▶ [PROBLEM DETAILS]
Pictures do not belong in the output. Reproduce exactly the lines from the start of the records through the line with "大雨の後の11日(金),運動会で披露する和楽踊りの練習を行いました。".

▶ [Data extracted from a collection]
/---

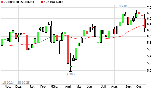 Mit dem Rücksetzer auf 6,19 EUR hat die Aegon-Aktie am 17.10.2025 die 100-Tage-Linie nach unten gekreuzt.
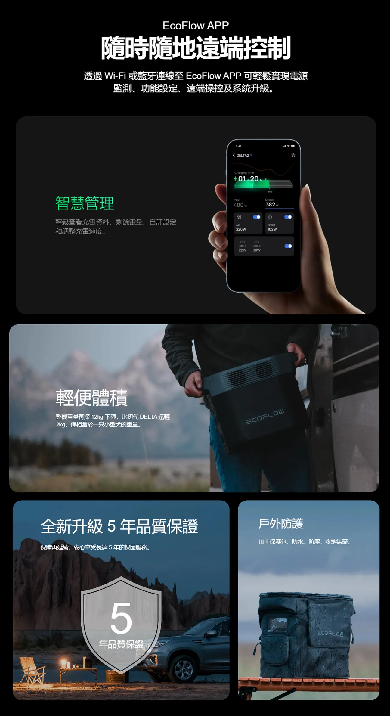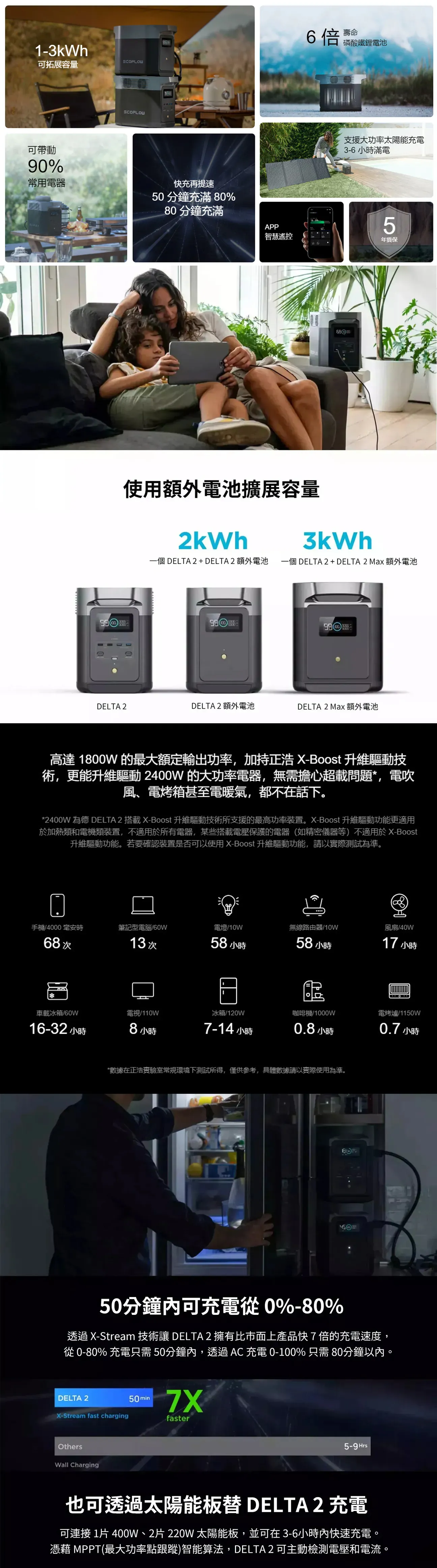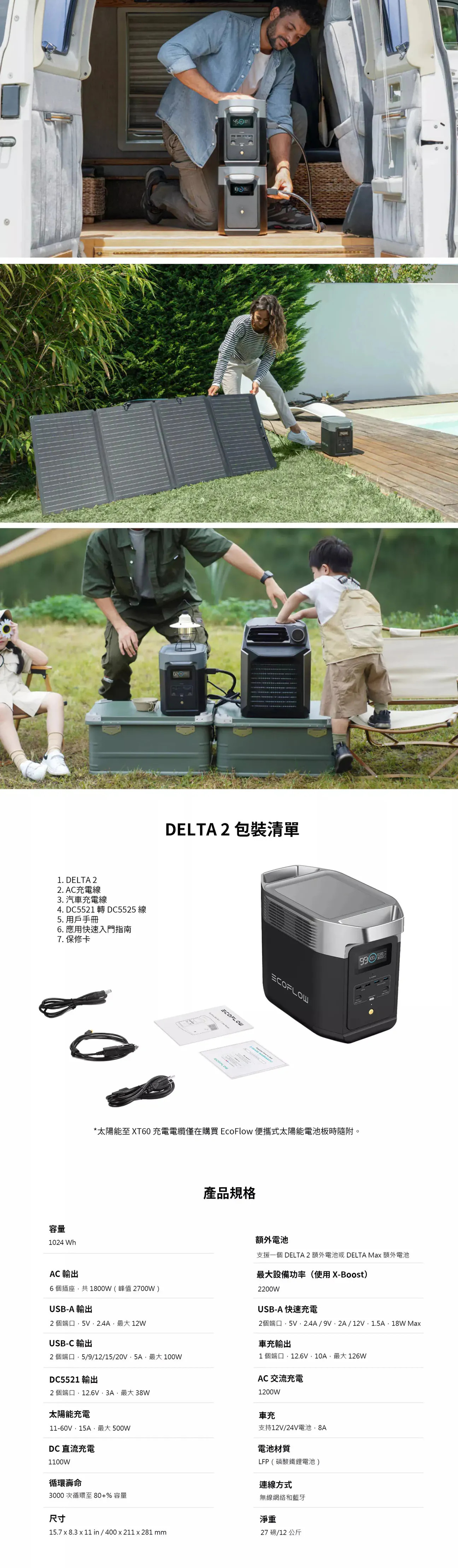 • 電池容量1024Wh,搭配  DELTA 2 額外電池以達到 2048Wh
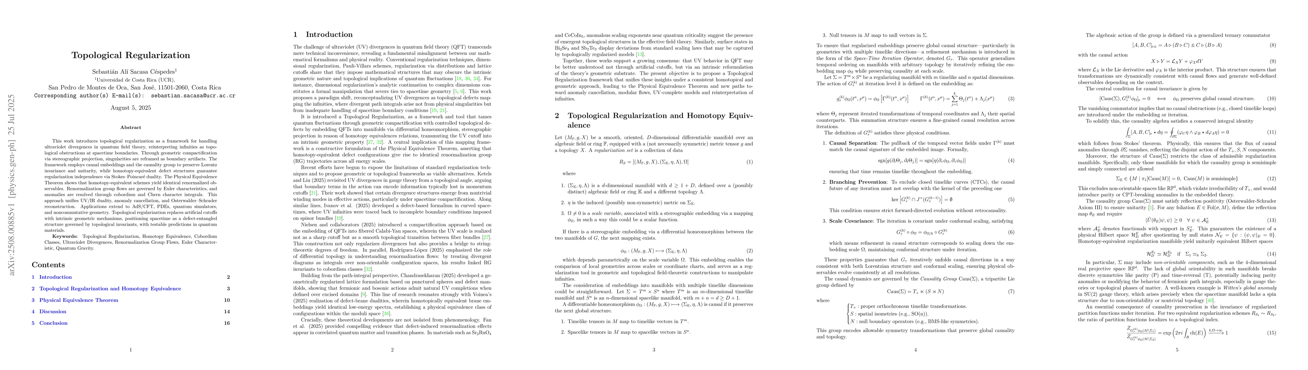 This work introduces topological regularization as a framework for handling ultraviolet divergences in quantum field theory, reinterpreting infinities as topological obstructions at spacetime boundaries. Through geometric compactification via stereographic projection, singularities are reframed as boundary artifacts. The framework employs causal embeddings and the causality group to preserve Lorentz invariance and unitarity, while homotopy-equivalent defect structures guarantee regularization independence via Stokes-Poincar\'e duality. The Physical Equivalence Theorem shows that homotopy-equivalent schemes yield identical renormalized observables. Renormalization group flows are governed by Euler characteristics, and anomalies are resolved through cobordism and Chern character integrals. This approach unifies UV/IR duality, anomaly cancellation, and Osterwalder-Schrader reconstruction. Applications extend to AdS/CFT, PDEs, quantum simulators, and noncommutative geometry. Topological regularization replaces artificial cutoffs with intrinsic geometric mechanisms, positioning spacetime as a defect-entangled structure governed by topological invariants, with testable predictions in quantum materials.
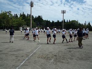 大雨の後の11日(金),運動会で披露する和楽踊りの練習を行いました。
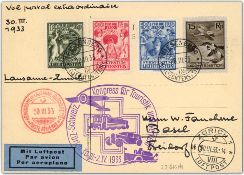 1933, Tourismus- und Verkehrskongress, Fotokarte ab Triesenberg 28.3.33 via Lausanne 30.3. nach Zürich 30.3., adressiert nach Basel, SLH: SF 33 d FL (Image)
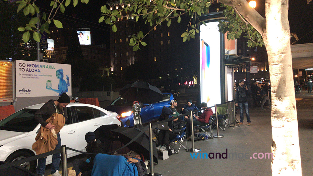 我們駐美國記者在Apple Store Union Square的三藩市分店,本身明明是在市區,但似乎排隊的情況不算太熱烈。至於現場情況亦良好,大家也很有秩序地聊天、睡覺又或吃東西等,同時亦可看到有店員,正在為當地時間4號的iPhone X開賣的
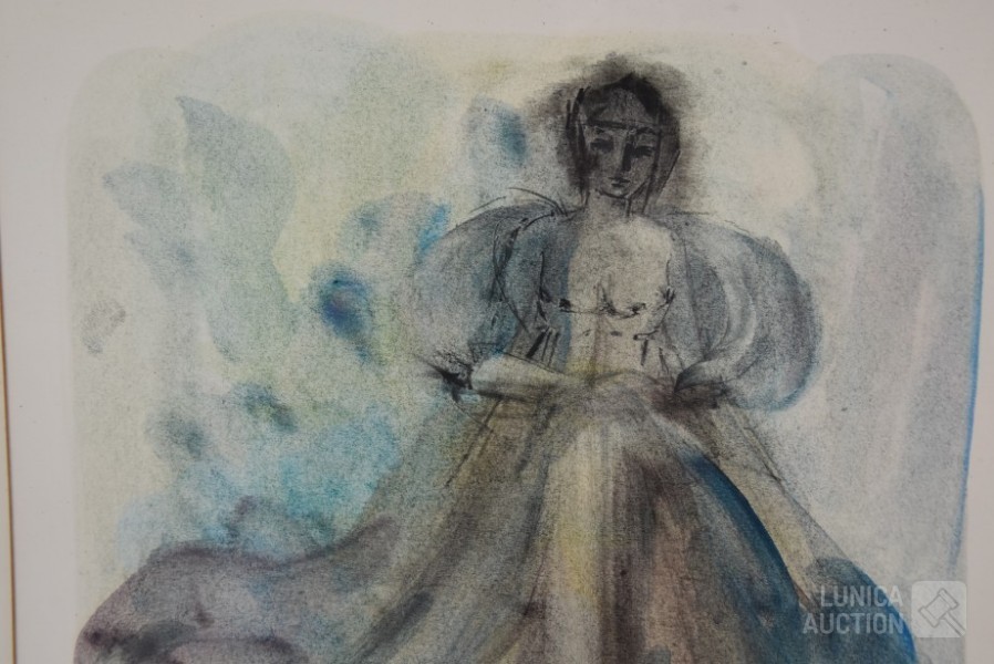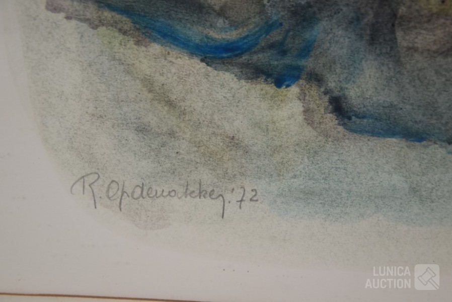 Gesigneerd L.O. Ingelijst, achter glas, afmeting 40x50 cm
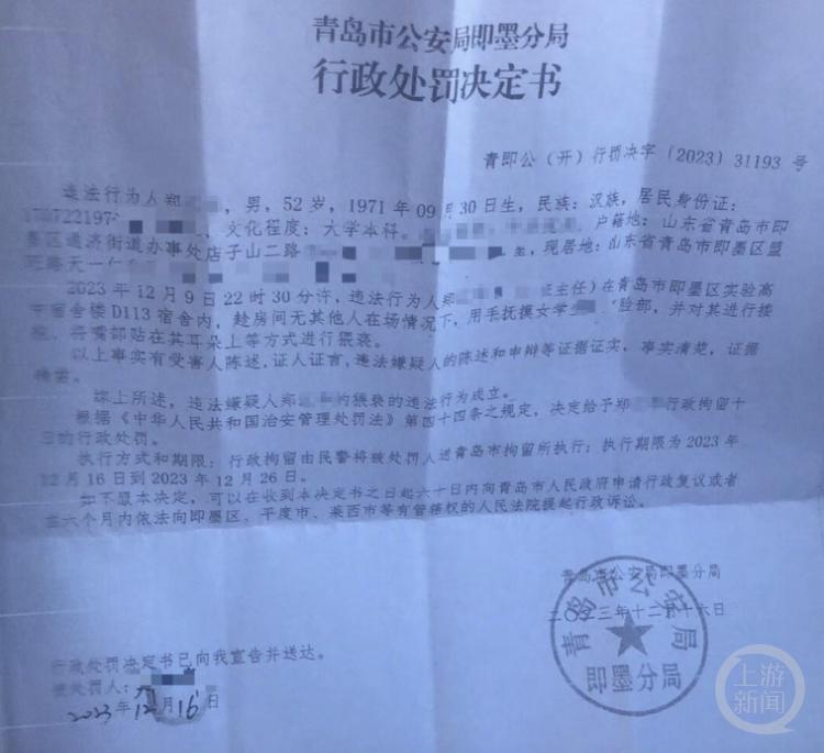 警方的行政处罚决定书。图片来源/网络截图网帖发布者称,她是一名高三女生,就读于青岛市即墨区实验高中。因学校实行寄宿制,自己和另一名同学住一间寝室。12月9日,因室友走读回家,她一人在寝室。当晚22时40分许,班主任郑某某酒后查寝,在其寝室时对她说“男人都是坏人”之类的话,还用手摸她的脸,对她进行搂抱。

\---

▶ [COMPLETED EXERCISE]
 Mit dem Rücksetzer auf 6,19 EUR hat die Aegon-Aktie am 17.10.2025 die 100-Tage-Linie nach unten gekreuzt.
 • 電池容量1024Wh,搭配  DELTA 2 額外電池以達到 2048Wh
 This work introduces topological regularization as a framework for handling ultraviolet divergences in quantum field theory, reinterpreting infinities as topological obstructions at spacetime boundaries. Through geometric compactification via stereographic projection, singularities are reframed as boundary artifacts. The framework employs causal embeddings and the causality group to preserve Lorentz invariance and unitarity, while homotopy-equivalent defect structures guarantee regularization independence via Stokes-Poincar\'e duality. The Physical Equivalence Theorem shows that homotopy-equivalent schemes yield identical renormalized observables. Renormalization group flows are governed by Euler characteristics, and anomalies are resolved through cobordism and Chern character integrals. This approach unifies UV/IR duality, anomaly cancellation, and Osterwalder-Schrader reconstruction. Applications extend to AdS/CFT, PDEs, quantum simulators, and noncommutative geometry. Topological regularization replaces artificial cutoffs with intrinsic geometric mechanisms, positioning spacetime as a defect-entangled structure governed by topological invariants, with testable predictions in quantum materials.
 大雨の後の11日(金),運動会で披露する和楽踊りの練習を行いました。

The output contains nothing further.